__Task statement__.
Take the lines below between the one holding "[더팩트ㅣ국회=남윤호 기자] 조국" and the one holding "Mit der mitgelieferten", inclusive, and copy them exactly. Add nothing.

(Given records begins)

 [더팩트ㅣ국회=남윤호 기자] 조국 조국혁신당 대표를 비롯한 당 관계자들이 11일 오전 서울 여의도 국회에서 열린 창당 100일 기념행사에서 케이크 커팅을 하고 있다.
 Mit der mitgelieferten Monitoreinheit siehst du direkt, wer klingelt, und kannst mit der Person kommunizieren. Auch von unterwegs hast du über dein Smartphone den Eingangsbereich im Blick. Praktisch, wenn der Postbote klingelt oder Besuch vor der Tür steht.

(Given records ends)
(Given records begins)

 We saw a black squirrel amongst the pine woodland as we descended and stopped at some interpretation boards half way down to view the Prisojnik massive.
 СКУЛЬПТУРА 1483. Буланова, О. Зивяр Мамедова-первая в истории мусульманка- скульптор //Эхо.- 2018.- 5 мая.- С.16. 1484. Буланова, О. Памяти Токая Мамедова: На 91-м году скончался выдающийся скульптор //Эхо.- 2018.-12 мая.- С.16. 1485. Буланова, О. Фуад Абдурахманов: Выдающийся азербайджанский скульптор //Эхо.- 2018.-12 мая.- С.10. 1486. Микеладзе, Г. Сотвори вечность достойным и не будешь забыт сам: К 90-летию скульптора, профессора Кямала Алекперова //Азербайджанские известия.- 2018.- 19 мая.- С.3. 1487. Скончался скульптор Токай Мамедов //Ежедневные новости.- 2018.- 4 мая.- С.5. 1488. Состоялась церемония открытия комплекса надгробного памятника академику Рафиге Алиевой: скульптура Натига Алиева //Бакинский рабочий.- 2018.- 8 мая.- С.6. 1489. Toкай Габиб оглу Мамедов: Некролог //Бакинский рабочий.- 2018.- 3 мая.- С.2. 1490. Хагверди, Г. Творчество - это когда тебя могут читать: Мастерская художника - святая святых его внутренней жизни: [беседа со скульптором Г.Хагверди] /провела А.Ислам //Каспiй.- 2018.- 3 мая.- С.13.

(Given records ends)

__Solution__.
 [더팩트ㅣ국회=남윤호 기자] 조국 조국혁신당 대표를 비롯한 당 관계자들이 11일 오전 서울 여의도 국회에서 열린 창당 100일 기념행사에서 케이크 커팅을 하고 있다.
 Mit der mitgelieferten Monitoreinheit siehst du direkt, wer klingelt, und kannst mit der Person kommunizieren. Auch von unterwegs hast du über dein Smartphone den Eingangsbereich im Blick. Praktisch, wenn der Postbote klingelt oder Besuch vor der Tür steht.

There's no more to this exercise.